2.Le case vicine al mare sono belle.- aggettivo.
3.Le case che si trovano vicine al mare- avverbio.

ma la seconda e le terza sono le stesse,e vero?


----------



## Alxmrphi

Ciao Angelica,

In 1. l'hai chiamata una preposizione, non so perché ? (nel tuo esempio è un aggettivo e devi cambiare la fine in* -e*)
In 2. concordo con te 
In 3. Ricorda che gli avverbi sono_ invariabile_, dunque richiede la fine della parola in *-o*.
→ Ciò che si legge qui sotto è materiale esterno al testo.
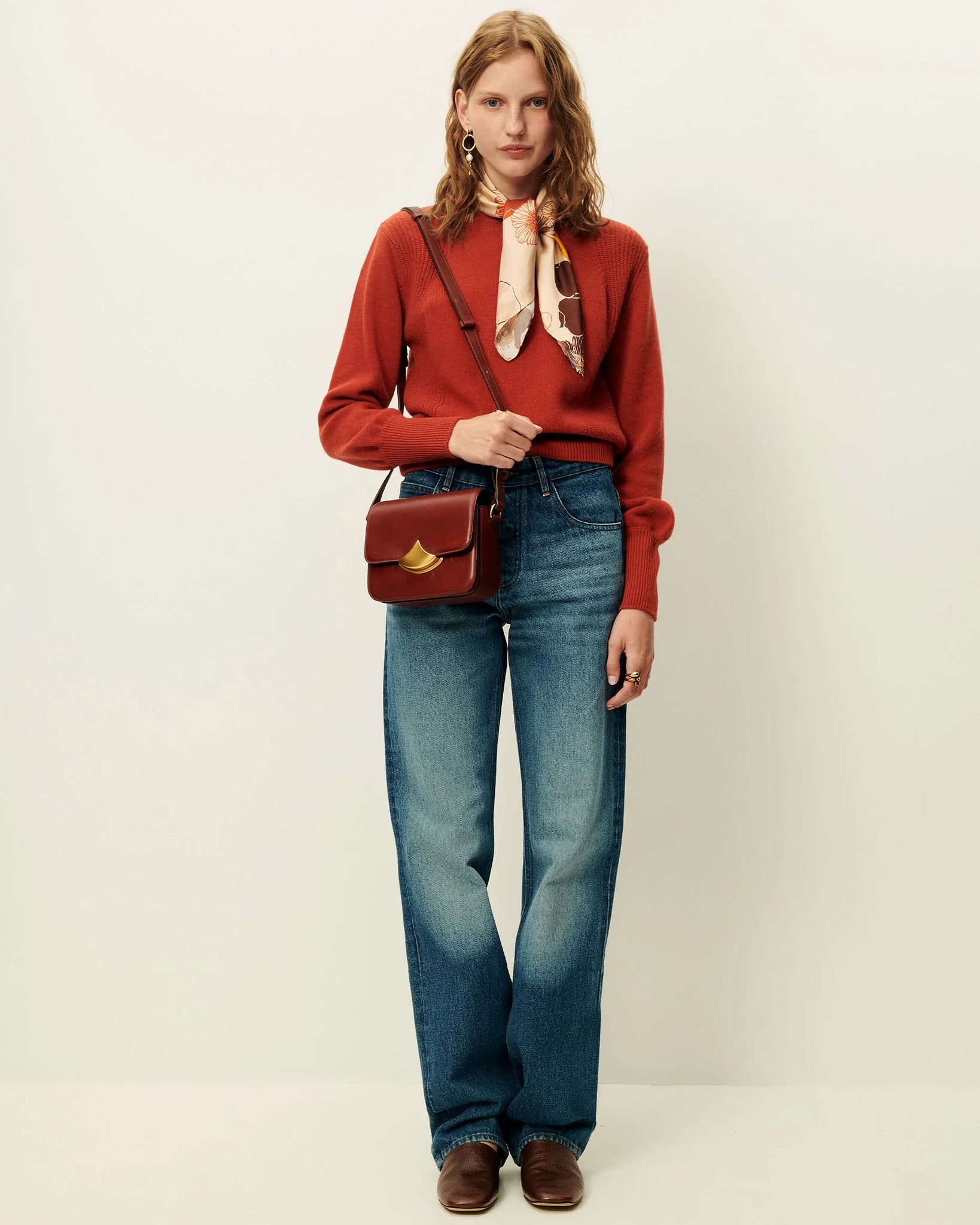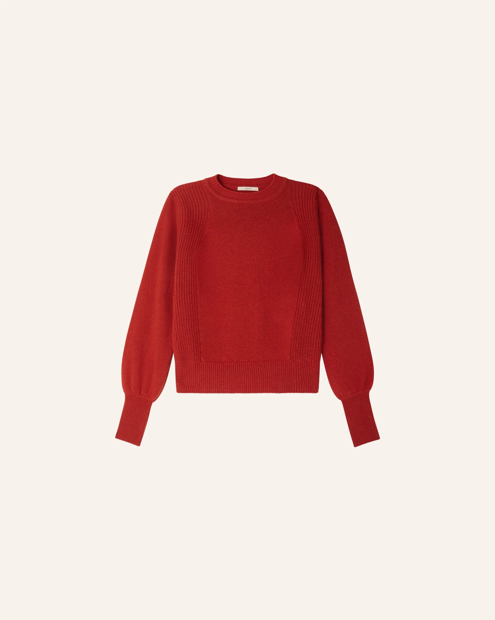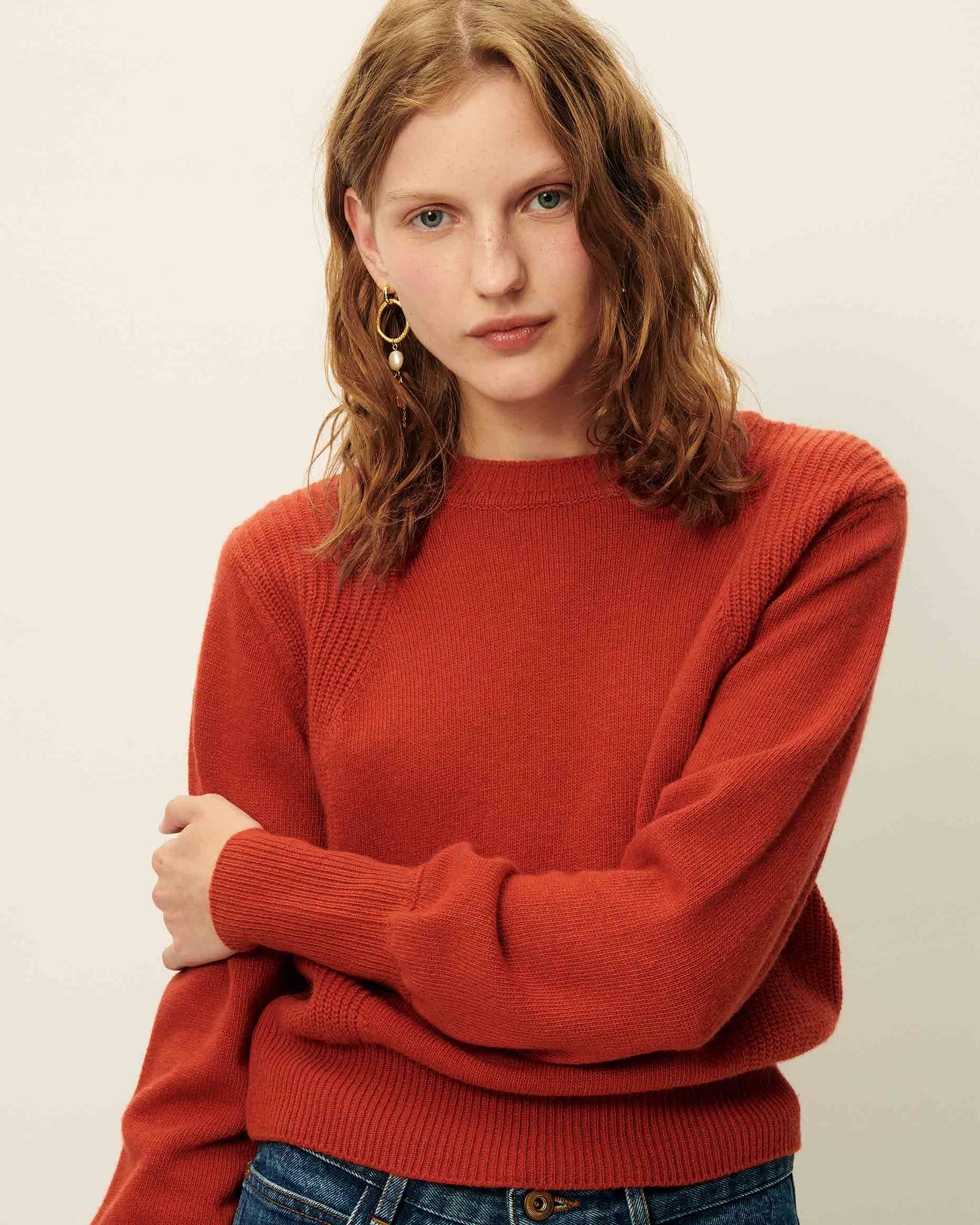 Maglione corto e aderente in maglia rasata con dettagli a mezza costina sul giromanica, lavorato a maglia in Italia. La lana utilizzata per realizzare questo prodotto è certificata per il monitoraggio e il controllo dall'allevamento alla filatura, garantendo il benessere degli animali e una qualità superiore. Scollo rotondo Maniche lunghe e ampie con polsini aderenti a costina Dettagli a costina sui lati

In sommario, le prime due sono aggettivi, l'ultima è un avverbio, e la fine dovrebbe essere *vicino*...


----------



## ANGELİCA

d'accordo!
ora parlo della prima.penso che la prima sia giusta. Perche non cambiamo dietro, davanti a, di fronte a ecc.
Per esempio; la macchina e' davanti all'albero.
                  la macchina  e' vicino all'albero.


----------



## Alxmrphi

La ragione che non cambiamo quelli (dietro / davanti) è esattamente perché quelli sono avverbi. La ragione che dobbiamo cambiare 'vicino' nella prima frase è perché qui è un aggettivo...
*
La casa è <aggettivo>*
Qui puoi vedere che l'aggettivo dovrebbe cambiare, no?

La ragazza è bella (aggettivo)
La casa è bella (aggettivi)
Le case sono bell*e*
Le cases sono vicin*e*.



> Per esempio; la macchina e' davanti all'albero.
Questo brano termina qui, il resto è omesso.